TASK REQUIREMENTS » Would you please output, word for word, the span of the listing below that opens on the line containing "Giới thiệu Loa" and closes on the line containing "Une déviation spécifique"? Include both ends and nothing more.

EXTRACTED RECORDS »
BEGIN
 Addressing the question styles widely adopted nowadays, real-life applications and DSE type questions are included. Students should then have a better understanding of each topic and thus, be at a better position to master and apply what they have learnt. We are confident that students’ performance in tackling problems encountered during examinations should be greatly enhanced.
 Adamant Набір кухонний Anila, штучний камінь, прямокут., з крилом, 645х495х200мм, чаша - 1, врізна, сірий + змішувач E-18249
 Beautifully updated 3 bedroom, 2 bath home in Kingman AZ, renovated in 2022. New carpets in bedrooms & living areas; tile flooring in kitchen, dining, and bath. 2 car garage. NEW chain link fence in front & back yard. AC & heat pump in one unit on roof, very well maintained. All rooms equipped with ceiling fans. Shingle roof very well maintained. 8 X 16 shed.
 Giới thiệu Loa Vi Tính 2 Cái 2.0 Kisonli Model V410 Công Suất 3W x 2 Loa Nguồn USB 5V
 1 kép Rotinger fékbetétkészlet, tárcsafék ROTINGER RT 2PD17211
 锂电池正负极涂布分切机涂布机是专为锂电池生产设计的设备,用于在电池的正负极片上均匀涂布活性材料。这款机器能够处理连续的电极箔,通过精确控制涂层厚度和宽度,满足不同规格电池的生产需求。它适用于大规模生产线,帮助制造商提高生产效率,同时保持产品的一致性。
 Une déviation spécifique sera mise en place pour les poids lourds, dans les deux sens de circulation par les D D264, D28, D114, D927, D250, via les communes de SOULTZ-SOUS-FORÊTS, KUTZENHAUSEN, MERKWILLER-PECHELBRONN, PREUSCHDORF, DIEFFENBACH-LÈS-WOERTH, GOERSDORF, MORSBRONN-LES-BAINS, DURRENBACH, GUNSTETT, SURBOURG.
END
BEGIN
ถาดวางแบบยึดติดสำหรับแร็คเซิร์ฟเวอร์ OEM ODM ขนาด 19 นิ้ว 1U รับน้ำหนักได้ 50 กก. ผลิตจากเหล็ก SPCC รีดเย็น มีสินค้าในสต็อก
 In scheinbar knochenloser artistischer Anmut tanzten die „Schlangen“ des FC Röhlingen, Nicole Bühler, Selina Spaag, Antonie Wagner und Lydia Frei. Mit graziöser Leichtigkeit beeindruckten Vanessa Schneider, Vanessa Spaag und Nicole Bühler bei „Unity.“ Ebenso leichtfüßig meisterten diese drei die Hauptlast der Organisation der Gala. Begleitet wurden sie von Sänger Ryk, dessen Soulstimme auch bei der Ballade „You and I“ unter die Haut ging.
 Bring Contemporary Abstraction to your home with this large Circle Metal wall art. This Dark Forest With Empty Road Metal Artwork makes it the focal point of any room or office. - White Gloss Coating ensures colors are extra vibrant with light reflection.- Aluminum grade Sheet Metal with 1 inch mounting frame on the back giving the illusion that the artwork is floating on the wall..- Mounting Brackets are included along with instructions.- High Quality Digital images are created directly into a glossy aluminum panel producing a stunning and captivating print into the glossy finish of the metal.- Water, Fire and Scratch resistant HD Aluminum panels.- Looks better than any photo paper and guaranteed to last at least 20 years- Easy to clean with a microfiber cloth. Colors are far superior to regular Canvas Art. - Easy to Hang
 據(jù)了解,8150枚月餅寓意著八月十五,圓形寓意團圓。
END
SOLUTION TO THIS EXERCISE »
 Giới thiệu Loa Vi Tính 2 Cái 2.0 Kisonli Model V410 Công Suất 3W x 2 Loa Nguồn USB 5V
 1 kép Rotinger fékbetétkészlet, tárcsafék ROTINGER RT 2PD17211
 锂电池正负极涂布分切机涂布机是专为锂电池生产设计的设备,用于在电池的正负极片上均匀涂布活性材料。这款机器能够处理连续的电极箔,通过精确控制涂层厚度和宽度,满足不同规格电池的生产需求。它适用于大规模生产线,帮助制造商提高生产效率,同时保持产品的一致性。
 Une déviation spécifique sera mise en place pour les poids lourds, dans les deux sens de circulation par les D D264, D28, D114, D927, D250, via les communes de SOULTZ-SOUS-FORÊTS, KUTZENHAUSEN, MERKWILLER-PECHELBRONN, PREUSCHDORF, DIEFFENBACH-LÈS-WOERTH, GOERSDORF, MORSBRONN-LES-BAINS, DURRENBACH, GUNSTETT, SURBOURG.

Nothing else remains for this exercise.